| Issue #013 (March 2006) |
|
| Steve Law & Zen Paradox |
|
Email this article to a friend
Zen Paradox
Interview with Steve Law by Andrez Bergen
It seems that erstwhile Melbourne-based connoisseur knob-twirler Steve Law lurking behind the machines under the alias of Zen Paradox isn’t so difficult to comprehend after all – and in fact he resolved a swag of residual underlying quandaries during the course of a recent rant with Cyclic Defrost.
Do you even vaguely recall what you were doing 12 years ago? In my case I had my head stuck in the quagmire of a post-grad history thesis at Melbourne Uni, trying over those 12 months of 1994 to come to grips with, analyse, compress, chew up and spit out 10,000 words on Britain’s industrial music putsch in the ‘70s. In the time since then I’ve conducted a wad of interviews with Steve Law, but the first took place that year. It was for a long-defunct little goth/industrial/electro magazine called Dark Angel. As it turned out, my specific history angle came in useful – Law just so happened to have a hankering for industrial bands like Cabaret Voltaire and Throbbing Gristle, the very same guys I’d recently interviewed in the course of researching my thesis.
While fellow Melbourne artist Voiteck Andersen is the will-do enforcer you get to go hassle the party promoter who hasn’t paid up, Law is the shy, unassuming guy that Voiteck probably defers to most in the Melbourne scene.

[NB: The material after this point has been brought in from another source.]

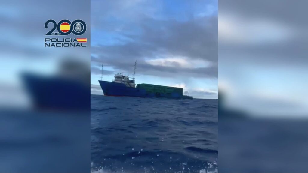 La Policía Nacional, con el apoyo de la Armada Española, abordó un mercante que transportaba 6.500 kilos de cocaína en sus bodegas.

All good yarns begin at some specific point, and the Zen Paradox superhero origin story goes something like this:
Rear-vision mirror yourself to 1983, when a young Steve Law – age 16 – discovered industrial music, Kraftwerk, Brian Eno and John Cage; he bought his first synthesizer (a Realistic/Moog MG-1), and started producing an array of experimental tapes in the confines of a home studio that included two ghettoblasters, a short-wave radio, and kitchen utensils. After dabbling with an ambient-electro outfit called Guild Of Fire, in 1990 Law helped form the guitar-industrial band Foil and, by 1992 – now more influenced by the sounds of Detroit and acts like Underground Resistance – had kick-started his solo project under the alias Zen Paradox.
‘I was reading a book called Valis, by Philip K. Dick, at the same time that I was trying to think of a name for my techno project,’ Law recalls. ‘The term “zen paradox” was frequently used in this novel, and I thought it was appropriate due to the often paradoxical approach I take to making music.’

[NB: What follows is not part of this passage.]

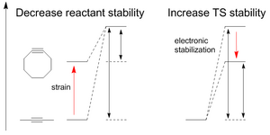 Computational efforts have been vital in explaining the thermodynamics and kinetics of these cycloaddition reactions which has played a vital role in continuing to improve the reaction. There are two methods for activating alkynes without sacrificing stability: decrease transition state energy or decrease reactant stability.

Law’s studio had conveniently developed somewhat over the intervening years. ‘At that time I was using a Roland MC-500 as a sequencer, controlling a bunch of MIDI synths – Roland Jupiter 6, Juno 2, JX-8P, D-110, E-mu Emax. I was borrowing things like the TR-808, 303, 202 and 101 until I bought them the following year.’
It was in this upgraded studio set-up that Law produced the baptismal Zen Paradox album Eternal Brainwave, which was first released in 1993 through Ollie Olsen’s new label Psy-Harmonics, then internationally through Kk subsidiary label Nova Zembla in Belgium. ‘I think it still stands up okay,’ Law says of that work a dozen years down the line.

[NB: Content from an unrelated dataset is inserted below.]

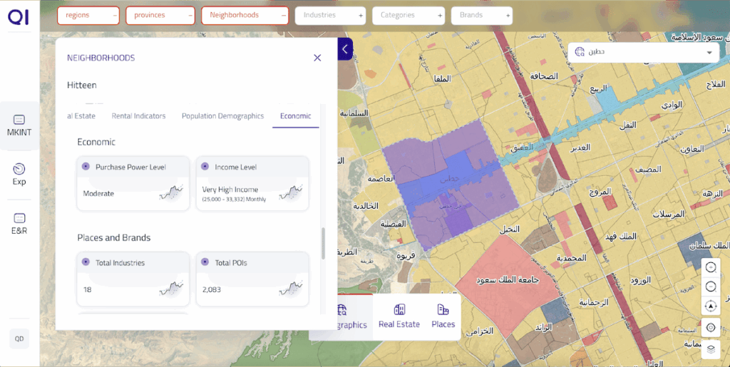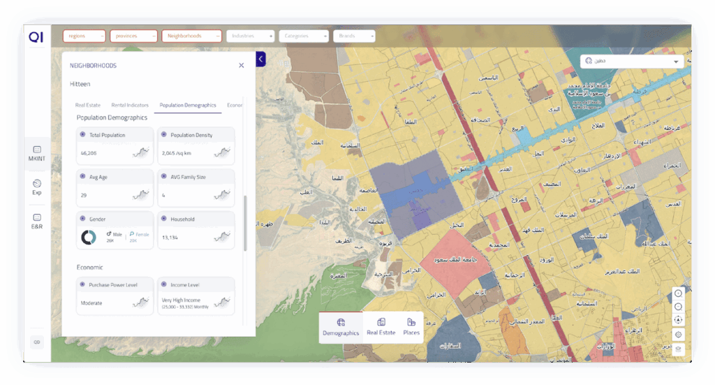التوسع الذكي يعتمد على قرارات استراتيجية متعلقة بالموقع، وجوهر هذه الاستراتيجية هو تحليل الفئة المستهدفة. فمعرفة عدد السكان لم تعد كافية، بل يجب أن تعرف من هم هؤلاء الناس، كيف يعيشون، ما مستوى دخلهم، وأين ينفقون أموالهم. وهنا يأتي دور منصة QI (Quant Intelligence) لتوفر لك وضوحاً ورؤية مدعومة بالبيانات تعزز ثقتك بخطط التوسع.

1993 was also the first time I caught a Zen Paradox live set. It was a 3PBS benefit gig in May that year, where he played second fiddle to better known acts (at that time) Snog, This Digital Ocean, and Screwtape. To my mind, this diminutive solo artist hiding behind a stack of rack-mounted gear was the definitive highlight of a night in which the music was great, and the amber fluid flowed rather nicely too.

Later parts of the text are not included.